┌──
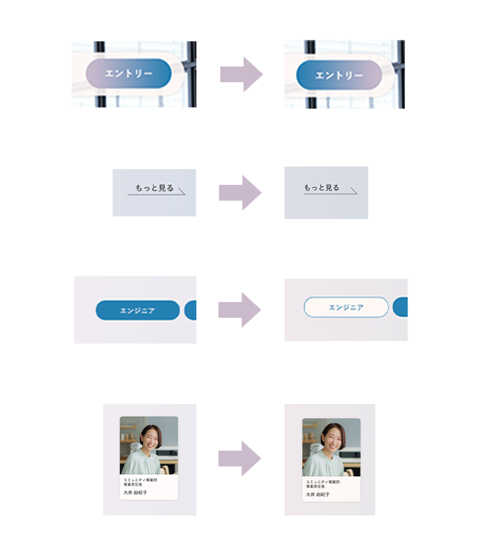 エントリーボタンのホバーで動きをつける際に、単色の反転だと:hoverで簡単に動きをつけることができましたが、グラデーションの反転では::beforeと::afterでそれぞれのグラデーションを重ねてz-indexで重なりを動かす必要があると学びました。
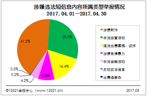 4月份,12321舉報中心共收到舉報短信1.3萬件次(包含12321舉報助手、搜狗號碼通、360手機助手、百度衛士、公信衛士、支付寶/微信/手機QQ的城市服務等渠道舉報),舉報內容為垃圾類的1.0萬件次,占比76%。內容涉嫌違法類的共0.3萬件次,占比24%。其中,內容涉嫌違法類被舉報較多的分類為涉嫌欺詐類(41.2%)、非法經營活動(29.0%)、違法出售票據、證件(16.4%)。
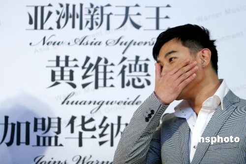 2009年3月9日,臺灣影視紅星黃維德加盟華納唱片簽約發(fā)布會在北京隆重舉行。蔡依林恩師陳澤杉送上繡有“金榜題名”的卷軸。事逢前日伊能靜博客突發(fā)感言表明已和庾澄慶離婚,使?fàn)渴珠T中的主角黃維德再次被推上風(fēng)口浪尖。發(fā)布會中黃維德感嘆生活多揣,看到依舊堅定支持的歌迷突然落淚、抽咽。隨后的媒體訪問在問題逐漸深入的過程中黃維德最終難再支撐,匆匆離去。中新社發(fā) 袁方 攝
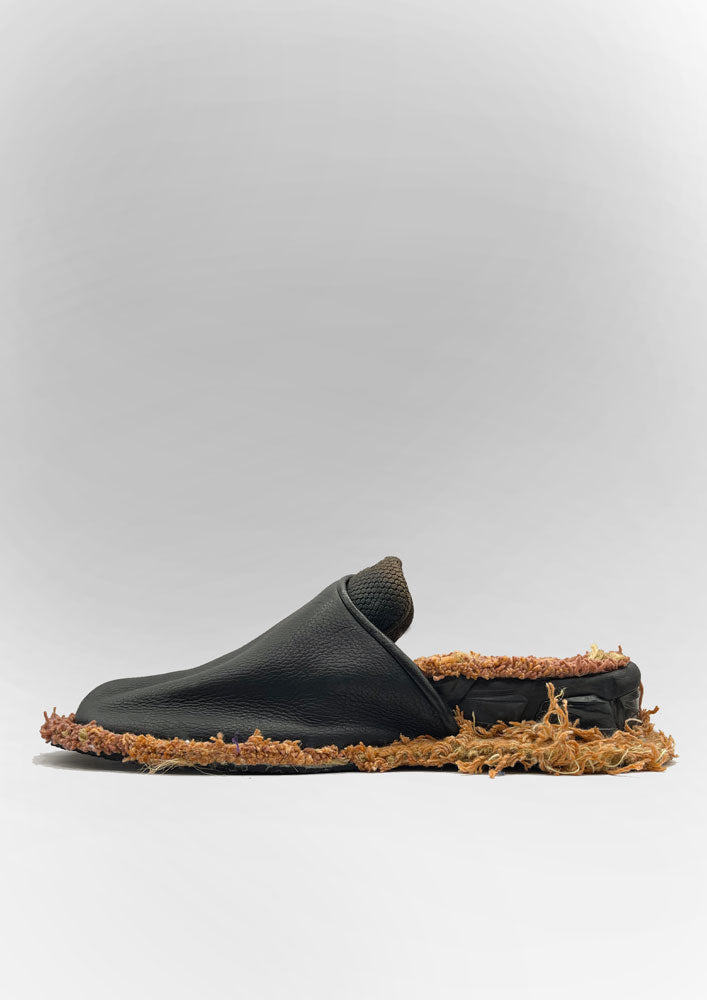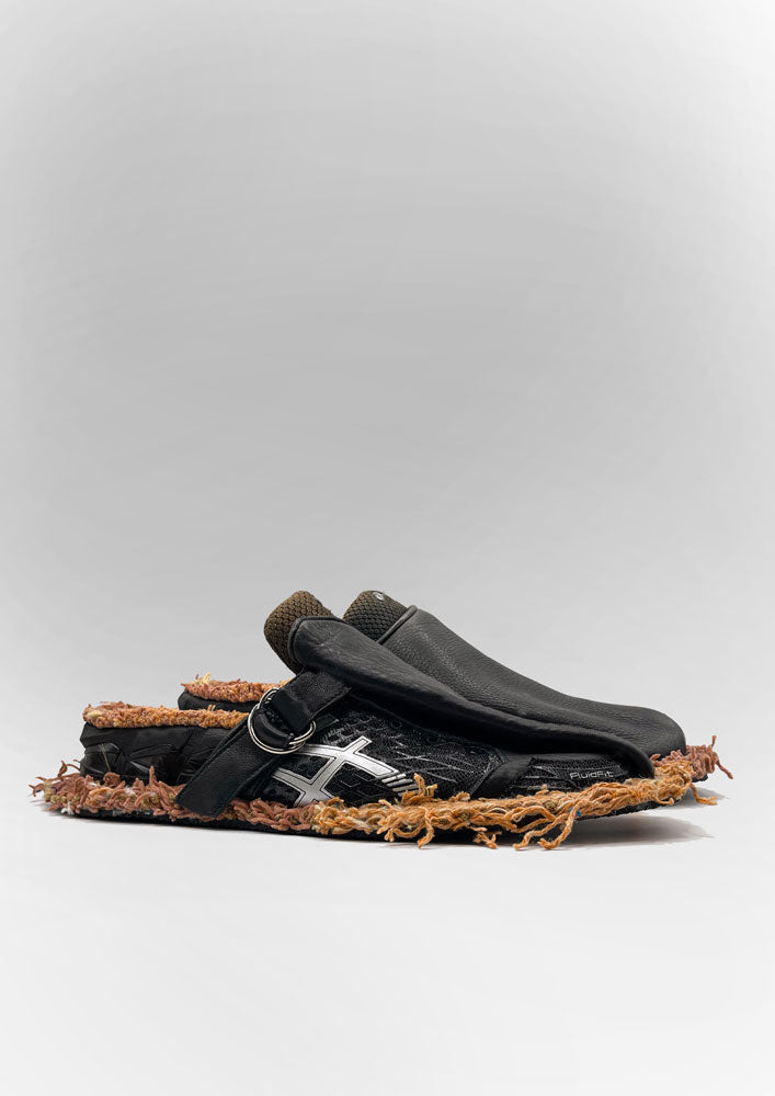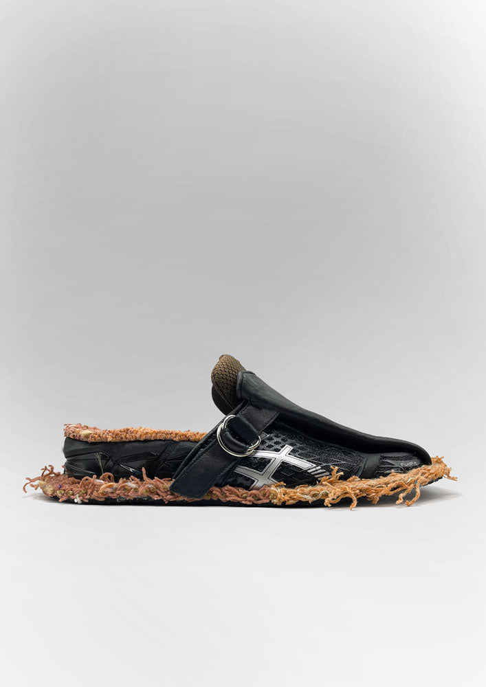 A SHATTERED DESTRUCTION OF ASICS WITHIN A BABOUCHE SHAPE THAT HAS BEEN HANMADE REWORKED WITH HERITAGE WEAVING.
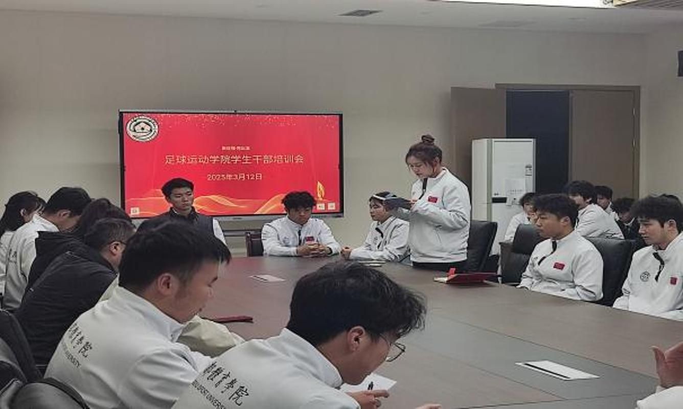 为提升我院学生会干部工作能力,进一步明确本学期学生工作方向,3月12日晚,足球运动学院开展学生会干部培训会。学院党委书记何培林、学管办乔紫微、周芸兴、全体学生会同学和班委参加此次培训。
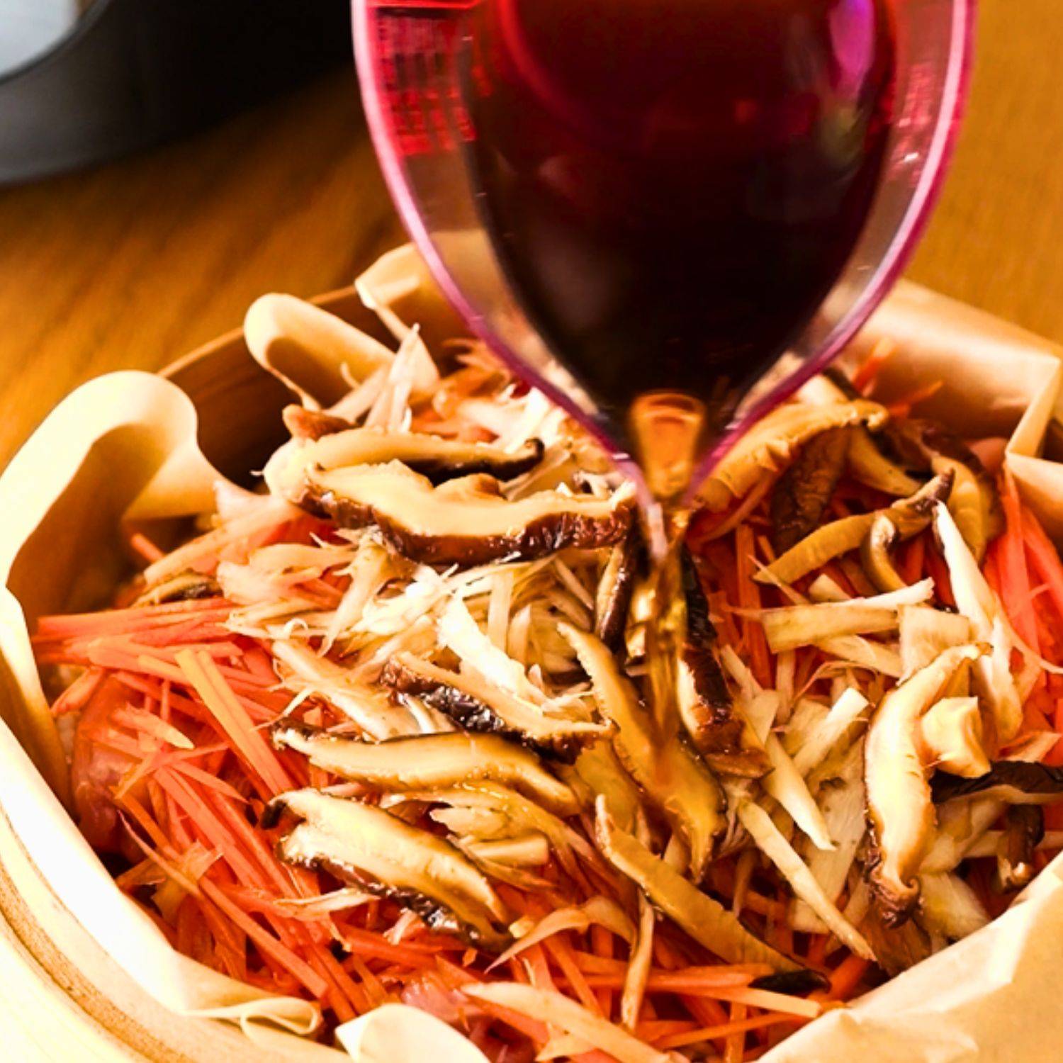 干し椎茸の戻し汁と水を合わせたものにA)を加えて混ぜ合わせる。
└──
Work instructions: Each line of the records is to be reproduced exactly, and each picture dropped.

Task result:
 エントリーボタンのホバーで動きをつける際に、単色の反転だと:hoverで簡単に動きをつけることができましたが、グラデーションの反転では::beforeと::afterでそれぞれのグラデーションを重ねてz-indexで重なりを動かす必要があると学びました。
 4月份,12321舉報中心共收到舉報短信1.3萬件次(包含12321舉報助手、搜狗號碼通、360手機助手、百度衛士、公信衛士、支付寶/微信/手機QQ的城市服務等渠道舉報),舉報內容為垃圾類的1.0萬件次,占比76%。內容涉嫌違法類的共0.3萬件次,占比24%。其中,內容涉嫌違法類被舉報較多的分類為涉嫌欺詐類(41.2%)、非法經營活動(29.0%)、違法出售票據、證件(16.4%)。
 2009年3月9日,臺灣影視紅星黃維德加盟華納唱片簽約發(fā)布會在北京隆重舉行。蔡依林恩師陳澤杉送上繡有“金榜題名”的卷軸。事逢前日伊能靜博客突發(fā)感言表明已和庾澄慶離婚,使?fàn)渴珠T中的主角黃維德再次被推上風(fēng)口浪尖。發(fā)布會中黃維德感嘆生活多揣,看到依舊堅定支持的歌迷突然落淚、抽咽。隨后的媒體訪問在問題逐漸深入的過程中黃維德最終難再支撐,匆匆離去。中新社發(fā) 袁方 攝
 A SHATTERED DESTRUCTION OF ASICS WITHIN A BABOUCHE SHAPE THAT HAS BEEN HANMADE REWORKED WITH HERITAGE WEAVING.
 为提升我院学生会干部工作能力,进一步明确本学期学生工作方向,3月12日晚,足球运动学院开展学生会干部培训会。学院党委书记何培林、学管办乔紫微、周芸兴、全体学生会同学和班委参加此次培训。
 干し椎茸の戻し汁と水を合わせたものにA)を加えて混ぜ合わせる。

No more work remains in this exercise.